Но любопытство Анжели Нельзя были тотчас же удовлетворить. Девушка
стояла с Агриколем в саду у решетки со стороны большой аллеи, отделявшей
мастерские от общежития. Порыв ветра внезапно донес откуда-то звуки труб и
военной музыки. Послышался галоп двух быстро приближавшихся лошадей.
Вскоре показались два всадника: один на прекрасной вороной лошади с
длинным развевавшимся хвостом, в высоких сапогах со шпорами и - как при
Империи - в белых лосинах. Голубой мундир сиял золотым шитьем, большая
красная лента ордена Почетного легиона красовалась на правом эполете с
четырьмя серебряными звездочками, а белые перья на шитой золотом шляпе
означали, что всадник носил звание французского маршала. Трудно
представить себе человека с более воинственной и рыцарской осанкой,
способного столь гордо сидеть на боевом, коне.
Поравнявшись с Агриколем и Анжель, маршал Симон, так как это был он,
разом остановил коня, ловко соскочил и бросил шитые золотом поводья
ливрейному лакею, сопровождавшему его.
- Где прикажете ждать, господин герцог? - спросил стремянный.
- В конце аллеи, - сказал маршал и, сняв почтительно шляпу, живо пошел
навстречу к кому-то, кого молодые люди еще не могли увидеть.
Это был старик с умным и энергичным лицом, вышедший из-за поворота
аллеи. Он носил чистую рабочую блузу, поверх длинных седых волос надета
была суконная фуражка; заложив руки в карманы, он спокойно покуривал
старую пенковую трубку.
- Здравствуйте, милый батюшка, - почтительно сказал маршал, крепко
обнимая старого рабочего, который нежна поцеловал сына и затем, увидав,
что тот держит шляпу в руках, сказал, улыбаясь:
- Надевай шляпу, мальчик... Ишь, какой ты нарядный!
- Я был здесь поблизости... на смотру... и воспользовался случаем
повидать вас.
- А, значит, девочек я сегодня не увижу? Они не приедут поцеловать
меня, как всегда в воскресенье?
- Нет, батюшка... они приедут попозже в коляске с Дагобером.
- А чем же ты так озабочен?
- Мне надо поговорить с вами об очень важном деле, батюшка! -
проговорил взволнованным голосом маршал.
- Пойдем тогда ко мне! - сказал с беспокойством старик.

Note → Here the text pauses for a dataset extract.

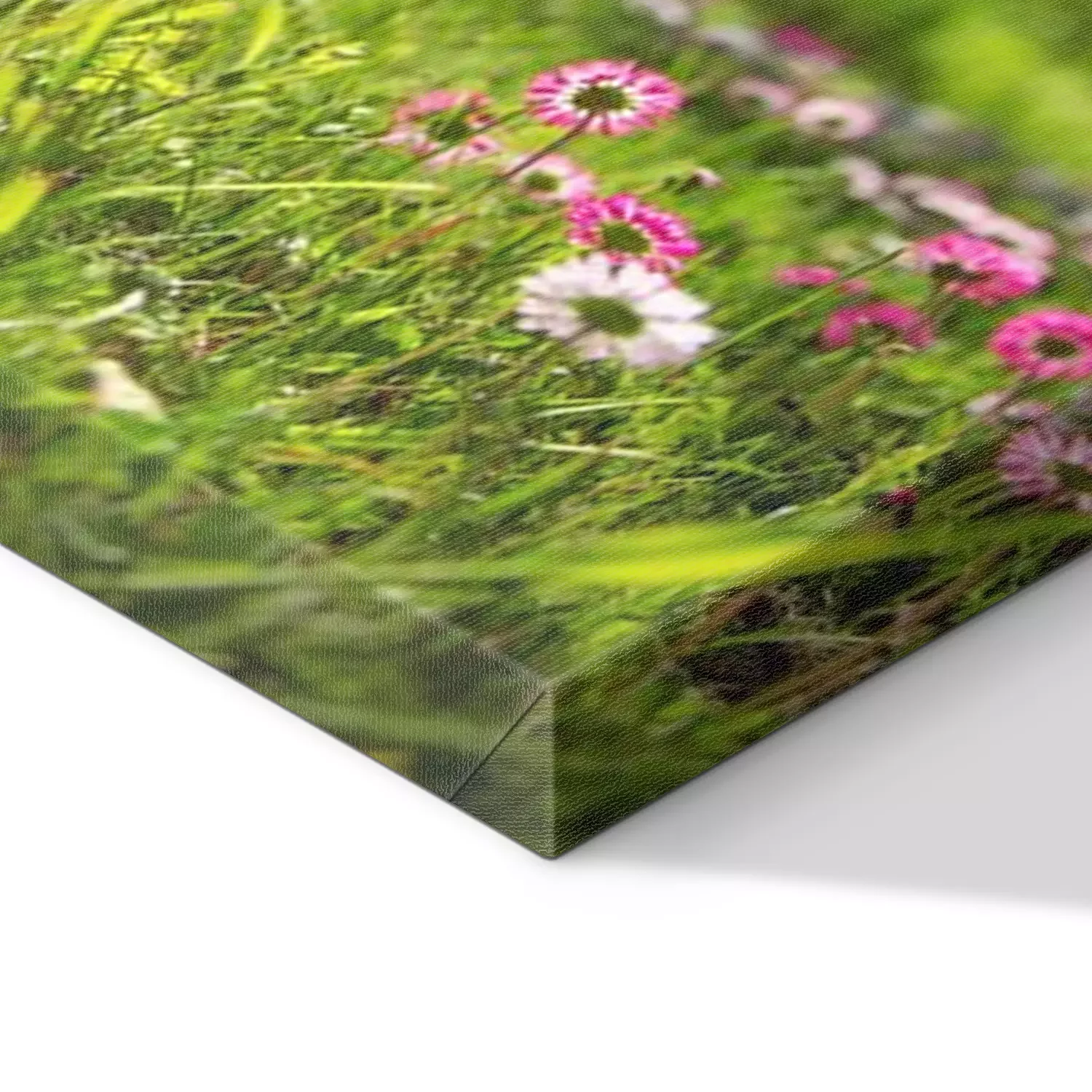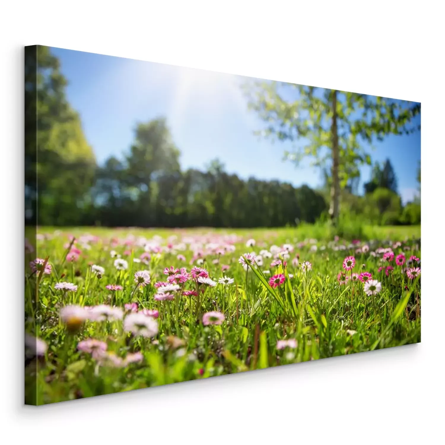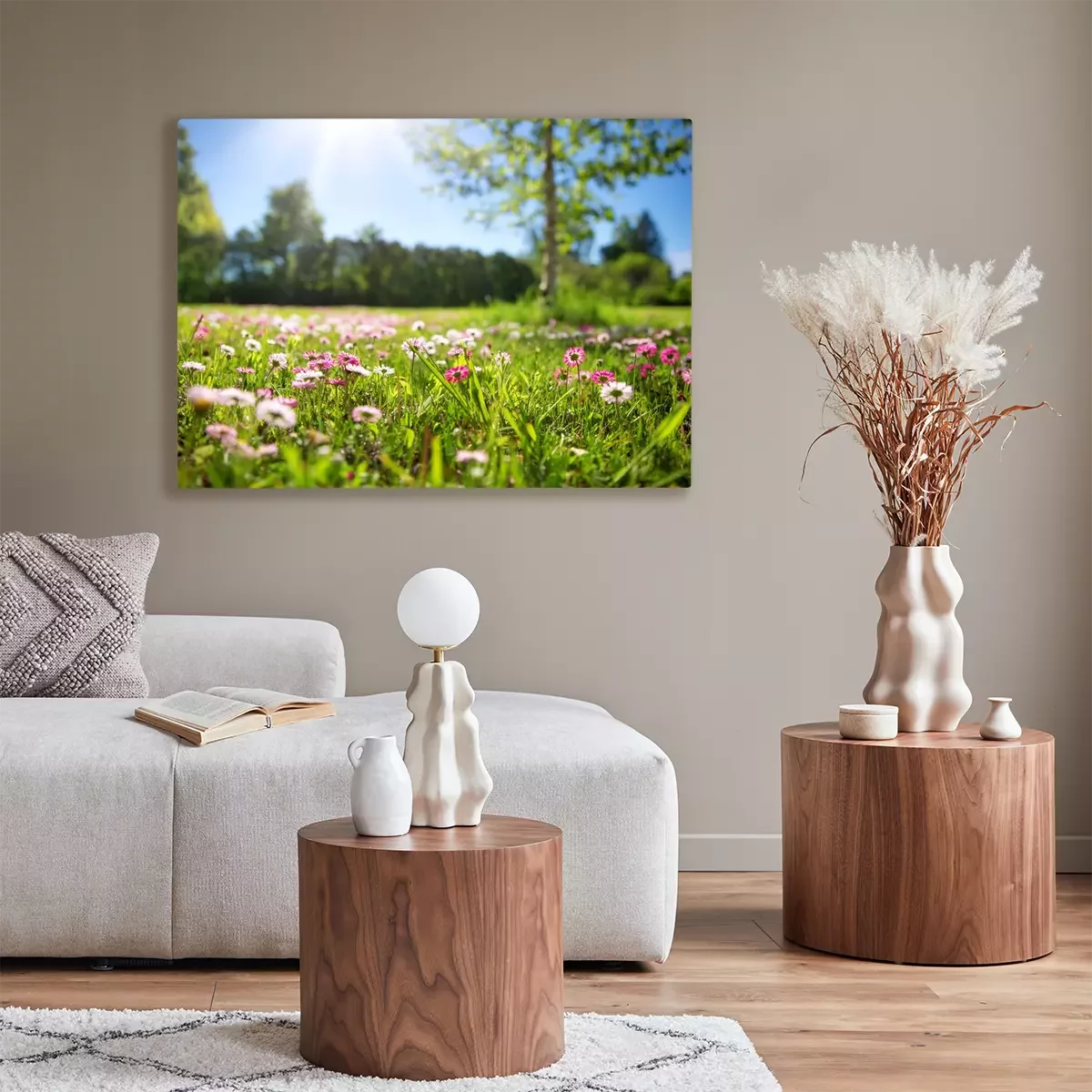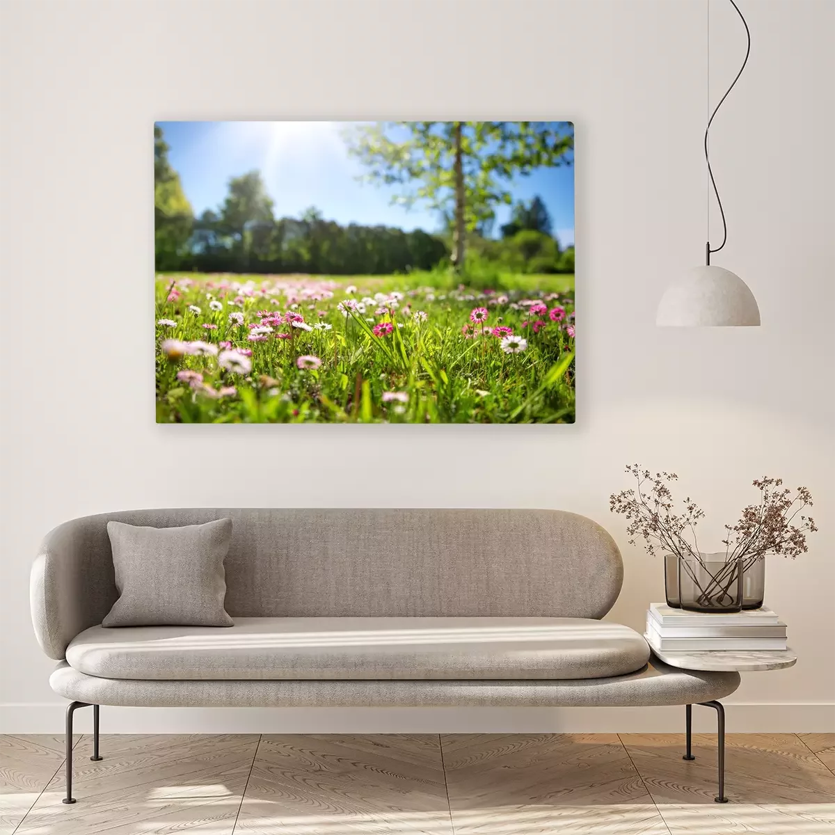 Tableau  Meadow with lots of white and pink spring daisy flowers in sunny day. Nature landscape in estonia in early summer

И они оба исчезли за поворотом аллеи.
- Анжель не могла прийти в себя от изумления, что у блестящего
генерала, которого называли господином герцогом, отец был старый рабочий в
блузе. Она спросила Агриколя:
- Как... господин Агриколь... этот старый рабочий?..
- Отец господина маршала, герцога де Линьи... друга, я могу это
сказать... - растроганным голосом отвечал Агриколь, - друга моего отца,
служившего под его началом двадцать с лишним лет!
- Такой знатный господин и так почтителен и нежен с отцом! Благородное,
верно, сердце у этого маршала! Но почему его отец остается рабочим?
- Потому что дядюшка Симон ни за что на свете не расстанется со своим
ремеслом и своей фабрикой. Он родился рабочим, рабочим же хочет и умереть,
хотя его сын маршал и герцог!
Когда вполне понятное удивление Анжели по поводу приезда маршала Симона
рассеялось, Агриколь заметил ей улыбаясь:
- Я не хотел бы воспользоваться случаем, дабы избежать разъяснения
секрета всех чудес нашего общежития.
- О! я бы тоже не удовлетворилась одним только обещанием, господин
Агриколь, - ответила Анжель. - Вы слишком меня заинтересовали.
- Ну, так слушайте. Господин Гарди как настоящий волшебник произнес
_три_ магических слова: ассоциация, община, братство. Мы поняли значение
этих слов, так возникли все эти чудеса, дающие нам много благ и в то же
время выгодные для господина Гарди.
- Вот последнее-то мне и кажется необыкновенным, господин Агриколь.
- В таком случае представьте себе, что господин Гарди совсем не то, что
он есть на самом деле, а просто делец с черствым сердцем, не думающий ни о
чем, кроме барышей. Он рассуждал бы так: "Чтобы фабрика была доходной,
необходимо следующее: хорошие рабочие руки, экономное расходование сырья,
производительная трата времени рабочими, словом, возможно более дешевое
производство и высокое качество, чтобы можно было продавать дороже..."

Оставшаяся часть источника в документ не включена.